Pianaùra & Troiana valley (TN)

Massone di Arco, Trento

KONICA MINOLTA DIGITAL CAMERA

In 1988, Franco Bonomi have found the rock engravings of Pianaura. In 2007, the area was set up and inserted into a historical-naturalistic track by the Autonomous Province of Trento and the Municipality of Arco with the collaboration of Muse.

The engraved smooth surface is at the base of a rock shelter, located in a narrow valley along a road that, in the past, was an important connection between the Arco valley, the settlements on the slopes of Mount Stivo and Drena castle. The extension and the numerous engravings of Pianaura shelter make it one of the richest and most complex rock art sites of Trentino – Alto Adige. Thanks to the covering shelter the preservation of the figures it is exceptional, considering also the solubility of the limestone support. Equally extraordinary are the variety of execution techniques, the amount of engravings, their typological variability, and the overlapping of figures that reveal an execution diachronicity.

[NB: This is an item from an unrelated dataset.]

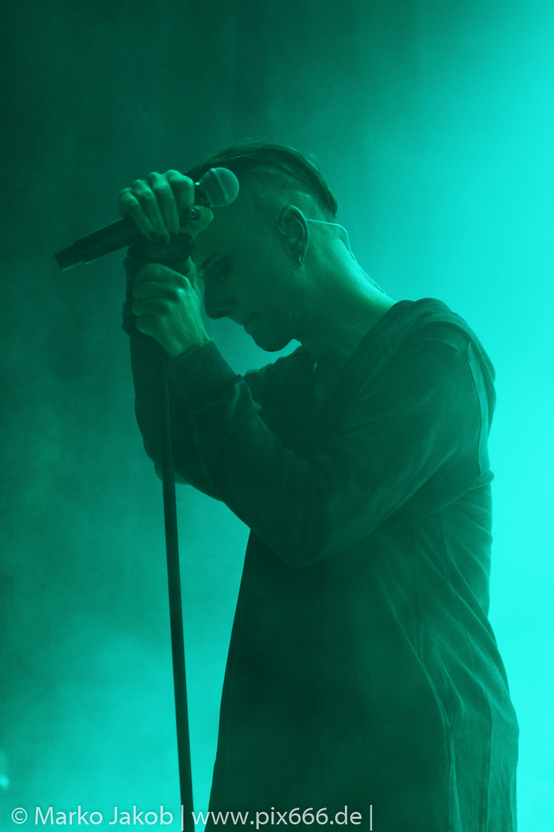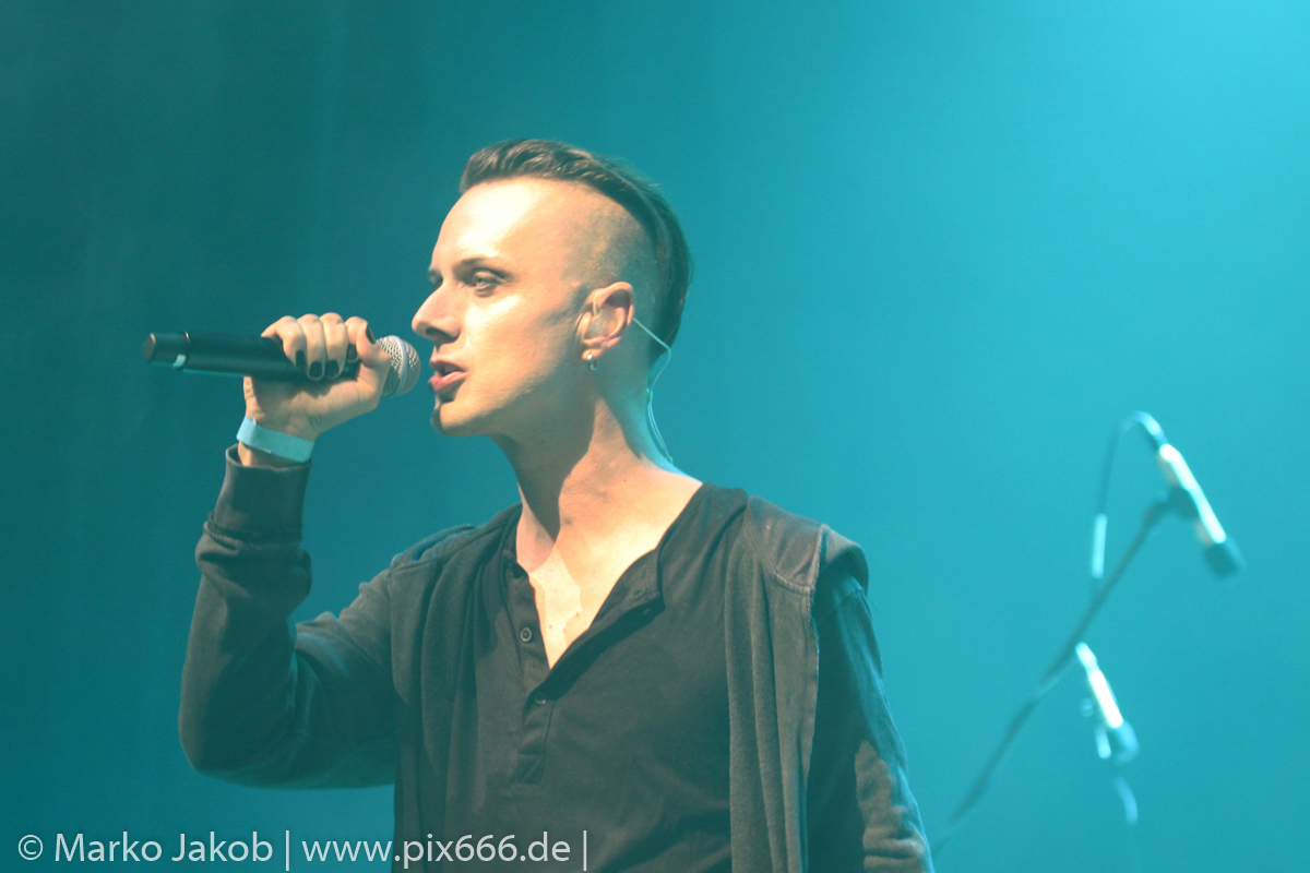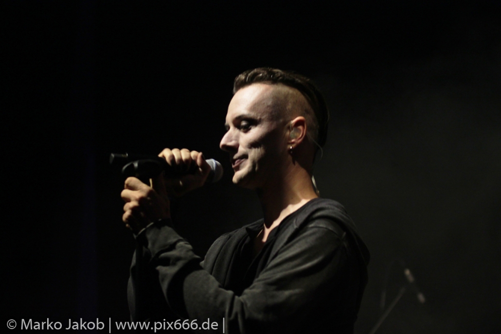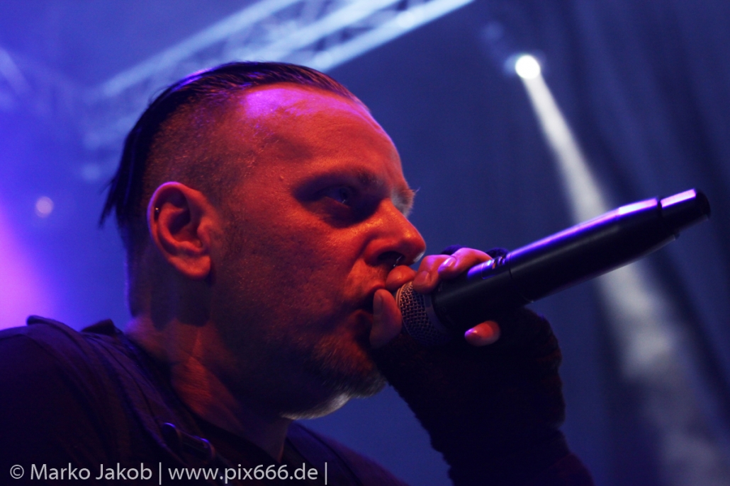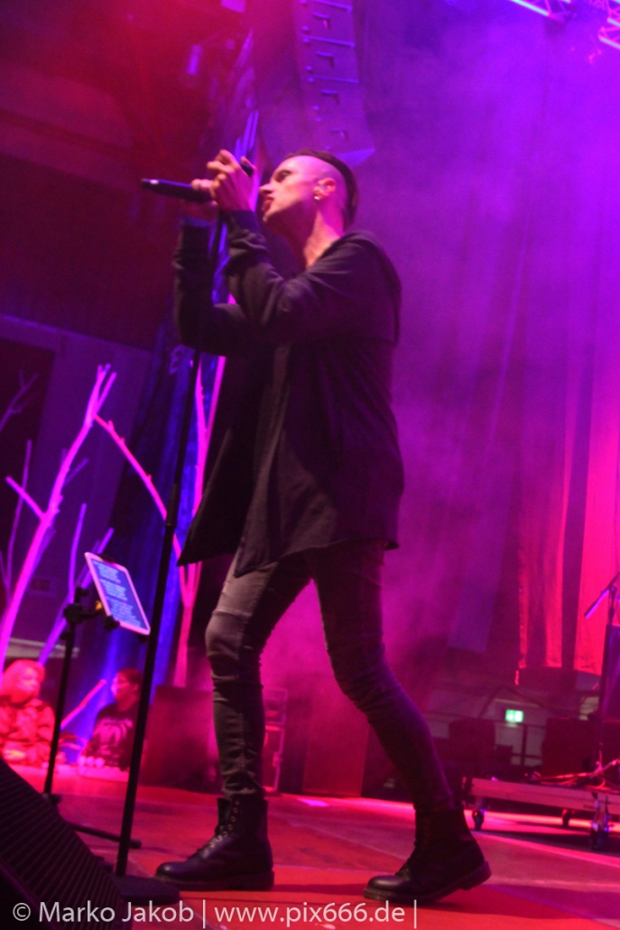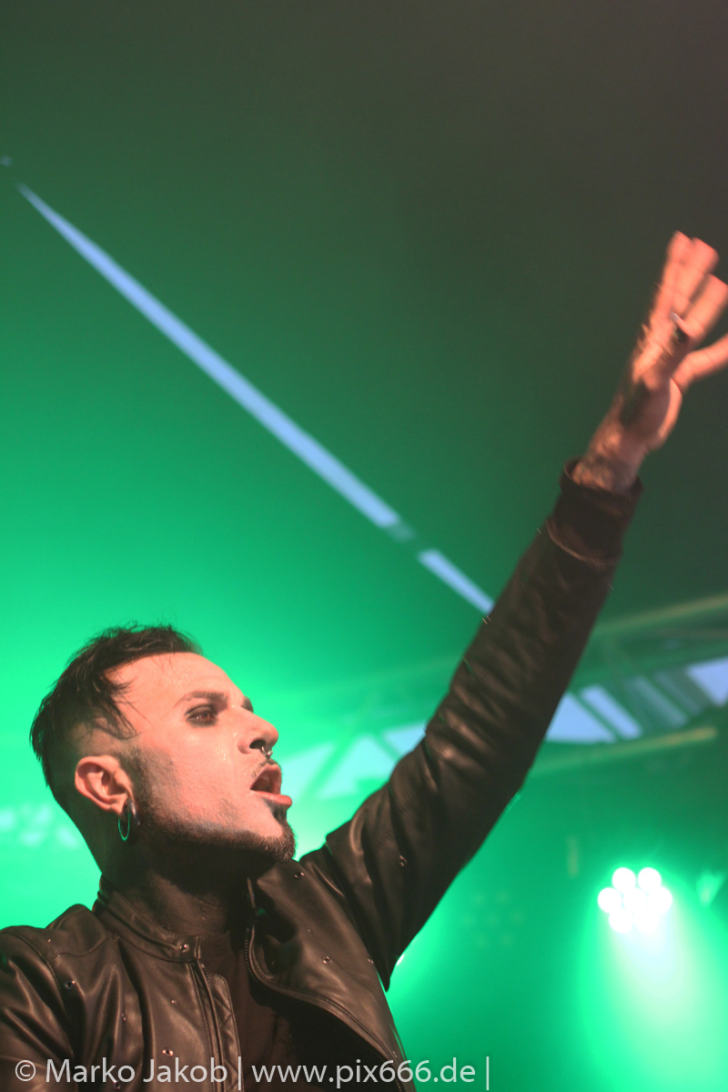 Die erste Band in der Rattenfängerhalle, der mit Abstand größten Location, waren Funker Vogt. Die Band wurde 1995 gegründet und hat bereits über 10 Alben veröffentlicht. 2016 gab es einen Wechsel am Mikrofon. Funker Vogt gaben bekannt, dass Chris L. von der Band Agonoize der neue Frontmann sein wird. Das aktuelle Album trägt den Namen ‚Wastelands‘. Die große Halle war ziemlich gut gefüllt. Chris L. hatte das Hamelner Publikum gut im Griff und brachte einen Teil der Menge zum Tanzen.

Since 2011, the “B.Bagolini” Laboratory of the Humanities Department of University of Trento has set up a project for the documentation of the sites and engravings of Troiana valley and in particular of the area of Nogaiole and the shelter of Pianaura.

The work program provides complete documentation of all engravings using various techniques: contact, frottage, photographic, topographic, 2D photogrammetric survey, … all integrated and processed in a GIS platform through georeferencing of products, vector tracking of the figures and their cataloging in a specific database. The project has created a kind of experimental laboratory for the development of a protocol for the documentation of rock art. Nicola Pedergnana’s degree thesis also takes into account the historical, ethnographic context of religious manifestations and the viability linked to the Pianaura site.

On the large blackboard of Pianaura (approx. 30×2.5), 3D photogrammetric modeling techniques were applied for the realization of virtual three-dimensional surfaces that allow the virtual preservation of the object and the study of large-scale engravings to understand the overlapping of the signs (stratigraphy). Again, the shelter was taken as a case study for the comparison of various 3D techniques: Structure From Motion and Stereofotogrammetry thanks to the collaboration between the Universities of Trento and Cagliari, Department of Electrical and Electronic Engineering (DIEE) and Department of Mathematics and Informatics (Carla Mannu, Giuseppe Rodriguez, Massimo Vanzi) – see 3D.

The stratigraphic analysis of rock carvings, the interpretation of the signs, the function of the site and its historical territorial contextualization constitute the ultimate purpose of this study.